▶ Problem to solve: Output the span of lines from the one that contains "6月20日,金年会jinni" through the end of the records, inclusive, exactly as written and free of pictures.

----- Provided entries

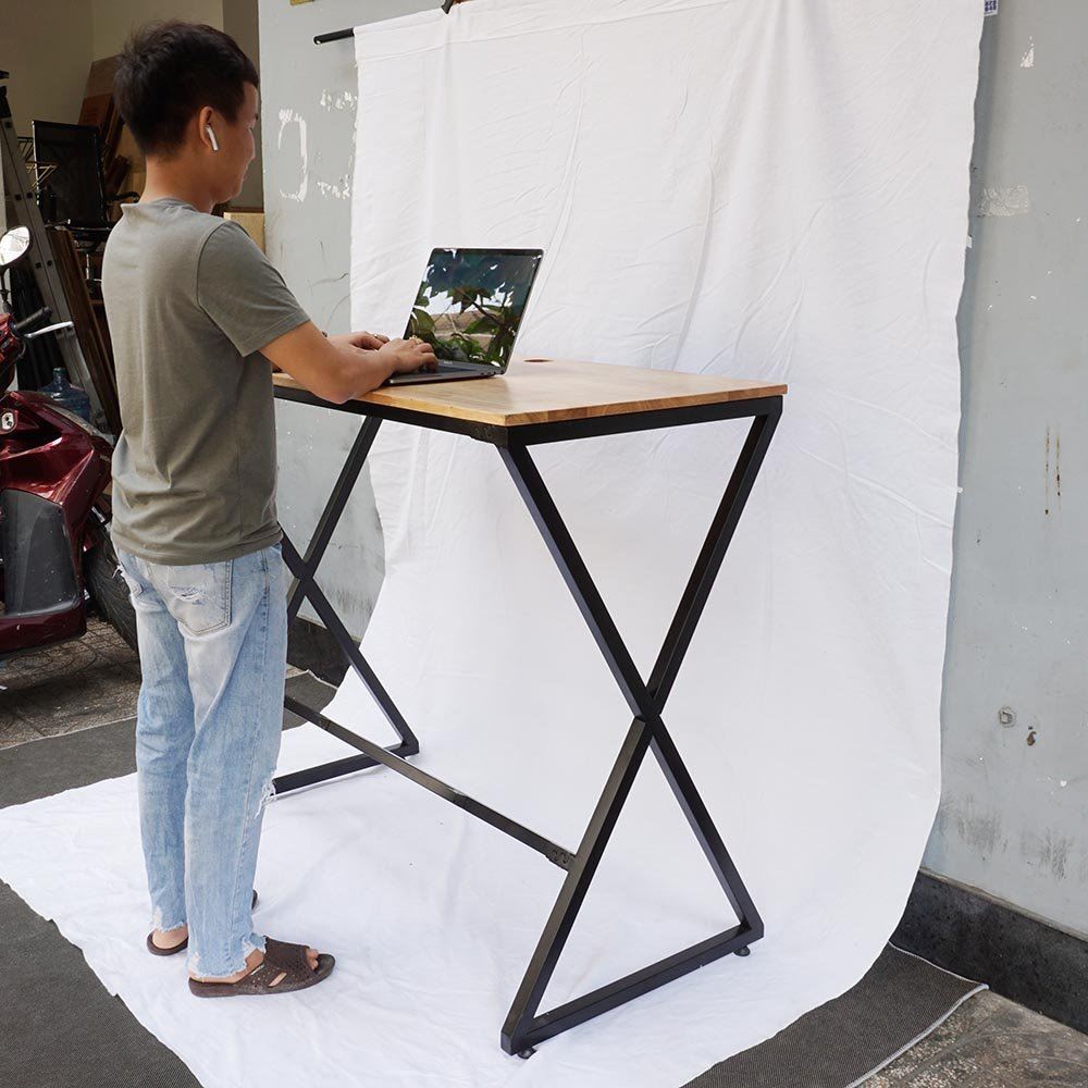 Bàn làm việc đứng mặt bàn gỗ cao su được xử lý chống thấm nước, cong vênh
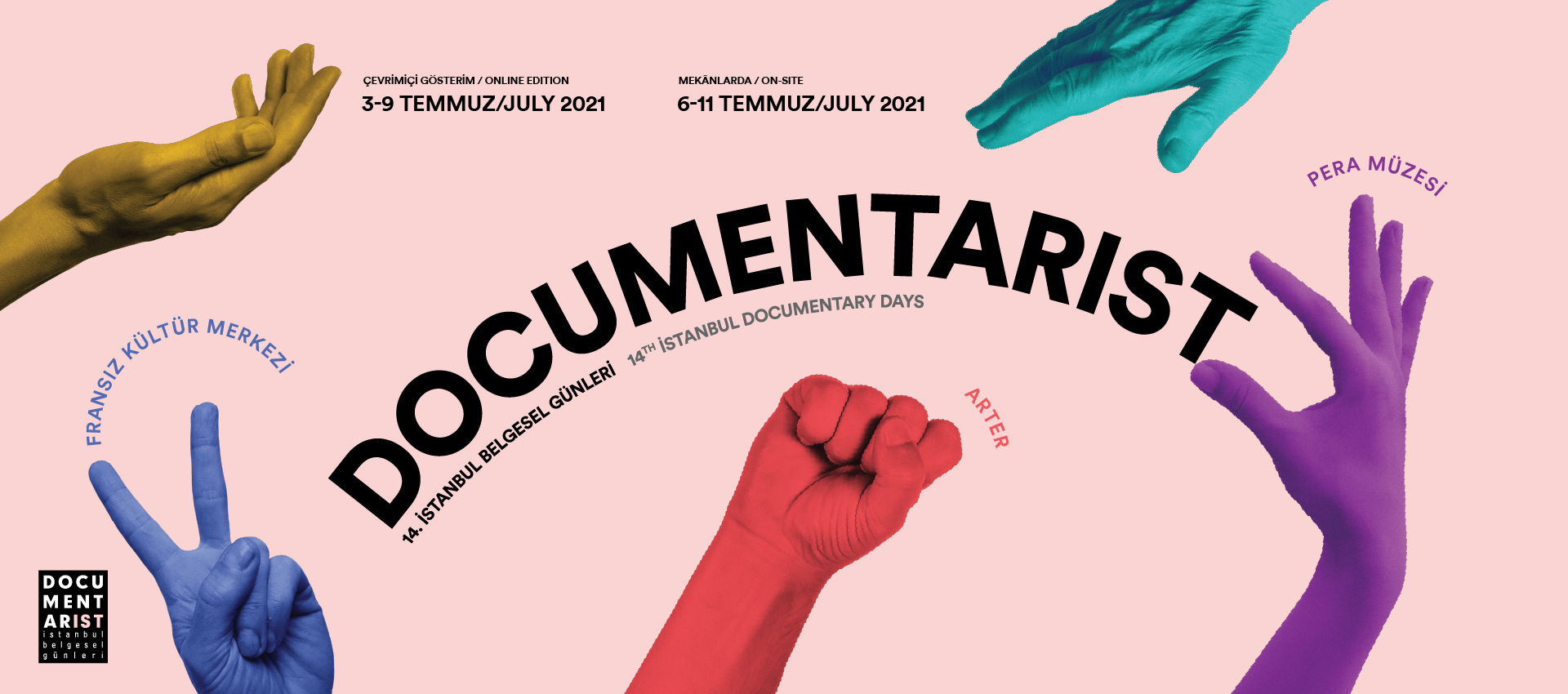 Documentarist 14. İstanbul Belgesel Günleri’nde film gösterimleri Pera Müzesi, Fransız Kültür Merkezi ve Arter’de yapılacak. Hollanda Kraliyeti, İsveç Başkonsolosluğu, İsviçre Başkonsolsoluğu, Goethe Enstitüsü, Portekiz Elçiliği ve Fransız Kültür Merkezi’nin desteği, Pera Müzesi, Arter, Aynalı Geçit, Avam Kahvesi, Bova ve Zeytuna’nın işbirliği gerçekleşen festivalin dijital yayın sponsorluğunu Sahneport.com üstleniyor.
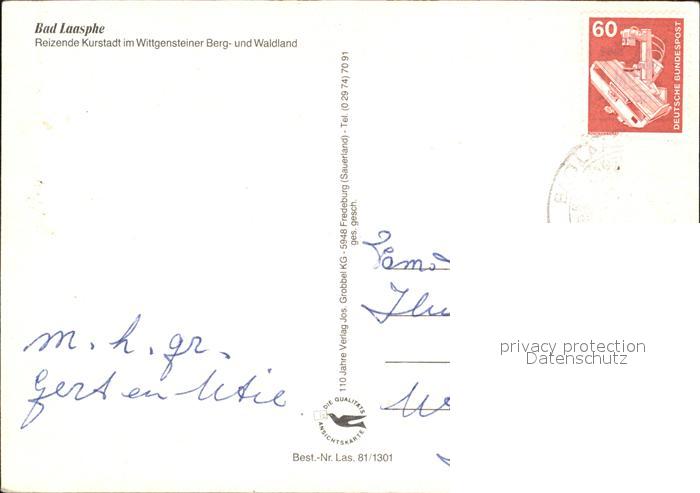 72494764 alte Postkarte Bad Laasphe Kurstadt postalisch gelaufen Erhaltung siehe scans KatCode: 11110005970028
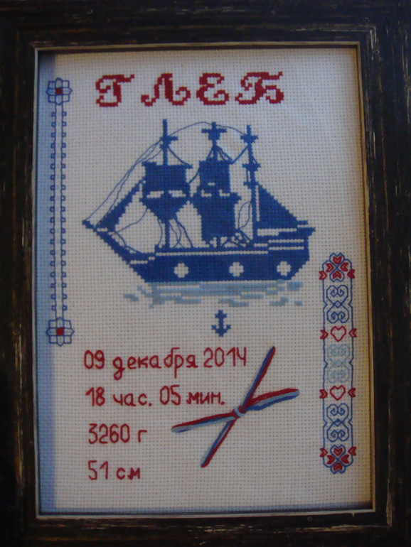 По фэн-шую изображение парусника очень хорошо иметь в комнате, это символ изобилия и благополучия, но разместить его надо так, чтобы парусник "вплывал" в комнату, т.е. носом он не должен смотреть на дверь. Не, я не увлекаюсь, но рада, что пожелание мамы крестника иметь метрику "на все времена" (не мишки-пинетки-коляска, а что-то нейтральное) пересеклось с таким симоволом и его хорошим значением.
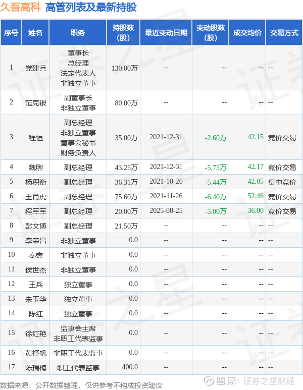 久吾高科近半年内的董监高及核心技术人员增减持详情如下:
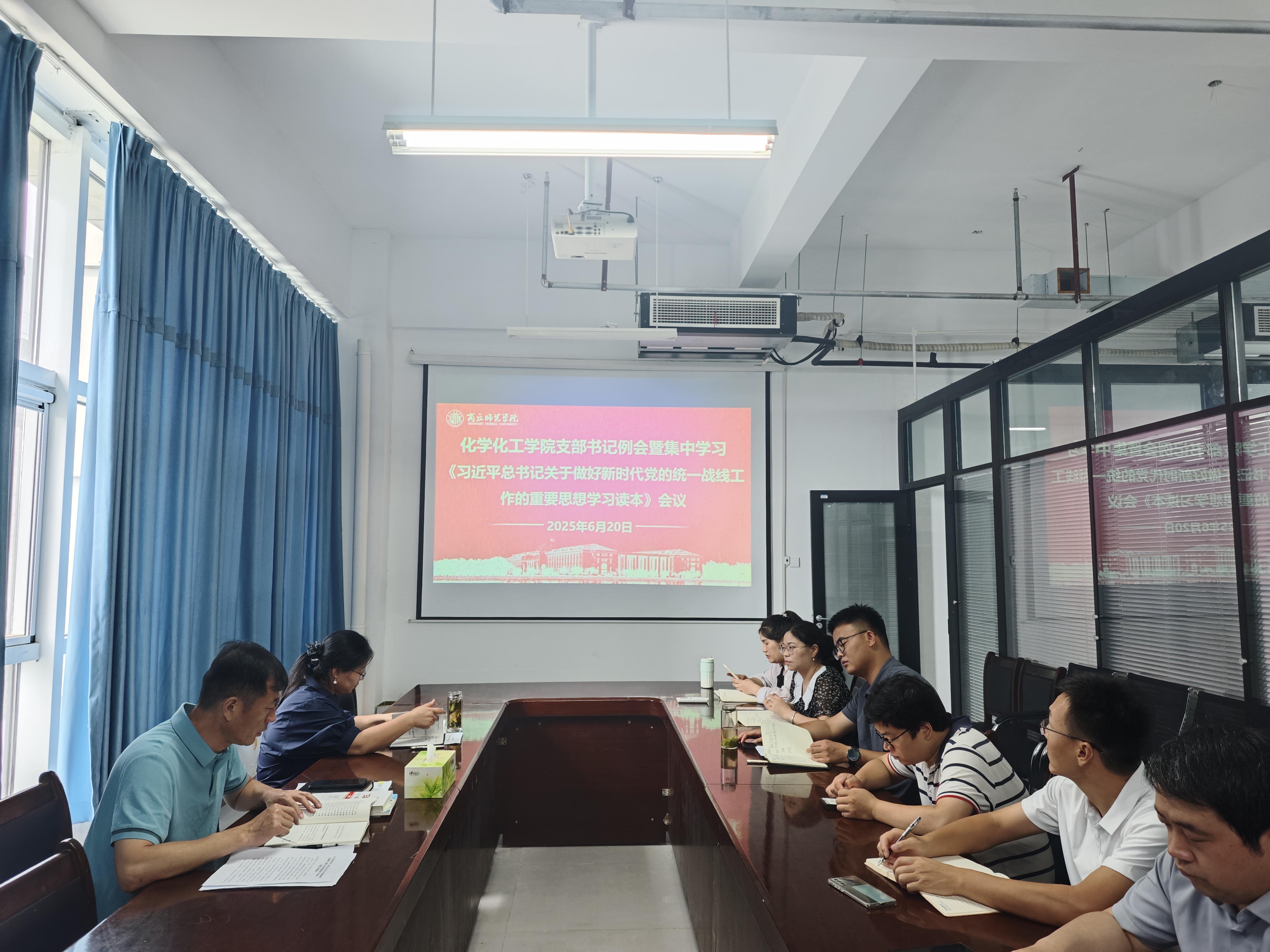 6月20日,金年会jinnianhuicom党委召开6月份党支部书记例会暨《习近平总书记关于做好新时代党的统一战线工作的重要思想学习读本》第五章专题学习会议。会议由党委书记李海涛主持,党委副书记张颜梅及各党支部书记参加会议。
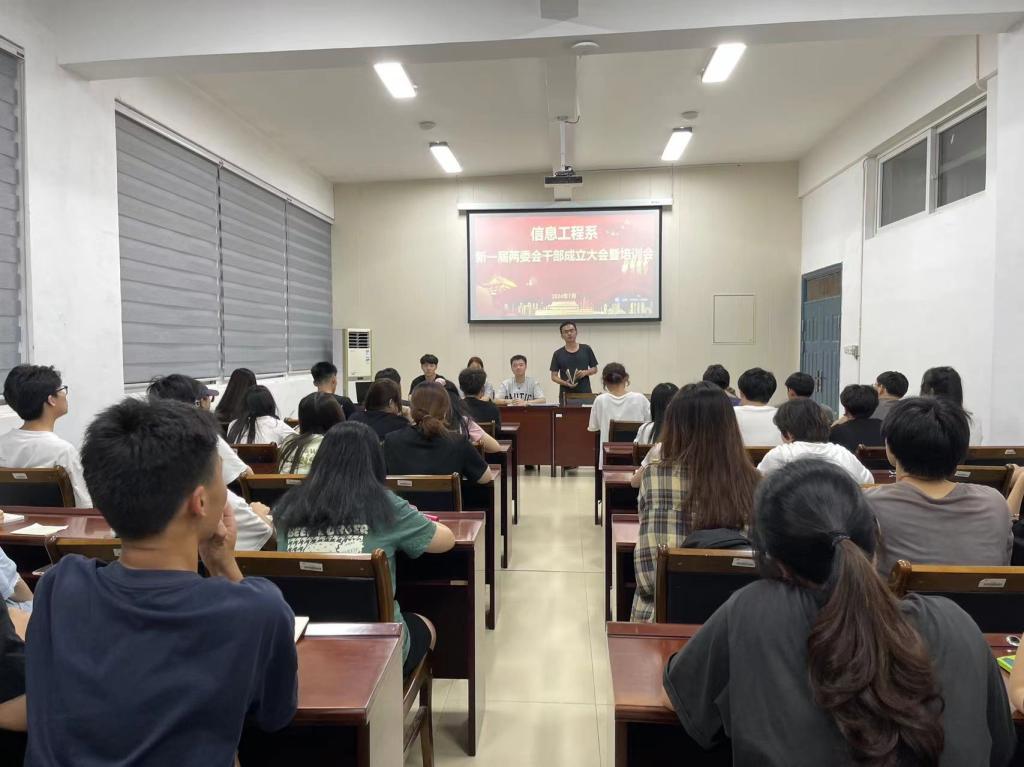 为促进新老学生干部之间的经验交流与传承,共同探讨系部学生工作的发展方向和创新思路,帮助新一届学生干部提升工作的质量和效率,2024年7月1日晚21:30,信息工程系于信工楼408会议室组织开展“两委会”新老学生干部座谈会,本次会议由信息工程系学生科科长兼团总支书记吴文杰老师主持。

----------

▶ Reply:
 6月20日,金年会jinnianhuicom党委召开6月份党支部书记例会暨《习近平总书记关于做好新时代党的统一战线工作的重要思想学习读本》第五章专题学习会议。会议由党委书记李海涛主持,党委副书记张颜梅及各党支部书记参加会议。
 为促进新老学生干部之间的经验交流与传承,共同探讨系部学生工作的发展方向和创新思路,帮助新一届学生干部提升工作的质量和效率,2024年7月1日晚21:30,信息工程系于信工楼408会议室组织开展“两委会”新老学生干部座谈会,本次会议由信息工程系学生科科长兼团总支书记吴文杰老师主持。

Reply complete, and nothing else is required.